— Ну что ты опять куришь, мама?! — не выдержал Джек.
— Капустные листья.
— Я не про это спрашиваю.
— Слушай, почему бы тебе не посмотреть телевизор? — с неожиданным раздражением сказала она, поджав губы. — Иди поищи Джимми Сваггерта. И, пожалуйста, оставь спасение моей души монашкам.
— Прости.
Ладно если бы это были «Карлтонз». Но она курила «Герберт Тэрритун» с темно-синей полоской вместо фильтра. Сейчас он вспомнил, как отец рассказывал кому-то, что он курит «Уинстон», а его жена «Блэк лангерз», «Черные легочные».
— Ты видишь в этом что-то плохое, Джек?
Ее глаза смотрели прямо на него; сигарета крутилась, как обычно, между средним и указательным пальцами правой руки. Она заставляла его сказать хоть что-нибудь и одновременно боялась услышать от него: «Мама, я стал замечать, что ты много куришь «Герберт Тэрритун». Значит ли это, что тебе теперь нечего терять?»

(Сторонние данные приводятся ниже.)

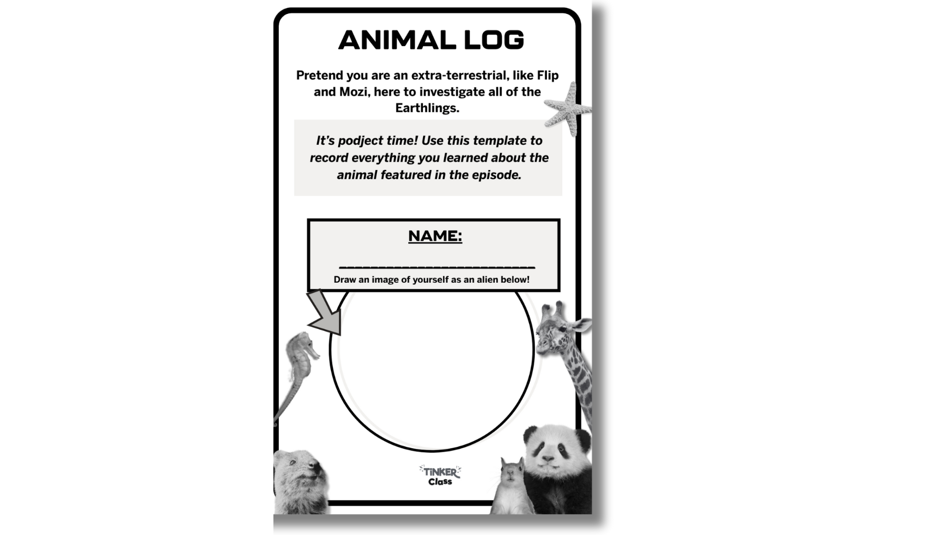 Prefer paper? This printable version of the Flip and Mozi Animal Log slides lets students record their discoveries without a device.

— Нет, — ответил он. Снова стало нехорошо и захотелось плакать.
— Смирись с этим. Такова жизнь.
Она посмотрела и улыбнулась. Два официанта, один худой, другой толстый, в красных пиджаках с золотыми омарами на спине о чем-то тихо переговаривались у входа на кухню. Длинная бархатная веревка огораживала ту часть ресторана, где стоял их столик, от банкетного зала. Столы там были заставлены перевернутыми стульями. В конце зала было огромное, во всю стену, окно в готическом стиле, напомнившее Джеку «Любимицу смерти» — фильм, где снималась его мать. Она играла молодую богачку, которая против воли родителей вышла замуж за красивого черного юношу. Тот привез ее в большой дом на берегу океана и пытался свести с ума. Эта роль была более или менее типична для Лили Кевинью. Она снялась во многих черно-белых фильмах, в которых красивые, но ничем не примечательные герои разъезжают на «фордах». Веревка с табличкой «Закрыто» загораживала вход в темную пещеру банкетного зала.
— А здесь мрачновато, — сказала мать.
— Как в полночь, — ответил Джек, и она засмеялась своим нездоровым, болезненным, но таким любимым смехом.
— Да-да-да, Джеки. — Она протянула руку, чтобы потрепать его длинные волосы. На лице ее играла улыбка. Он улыбнулся в ответ и отвел ее руку. (Боже, как ее пальцы похожи на кости, она уже почти мертва, Джек!..)
— Не порть мне прическу.
— Открой мой ридикюль, — попросила мать.
— Прелестное название для старой, потрепанной сумки!
— Ах так! Тогда на этой неделе ты больше не получишь карманных денег!
— Ну и пусть!
Они улыбнулись друг другу. Джек не мог вспомнить, чтобы когда-нибудь ему так хотелось плакать, чтобы он когда-нибудь так сильно любил свою мать. Теперь она стала совсем другой. Он увидел ее совсем другой.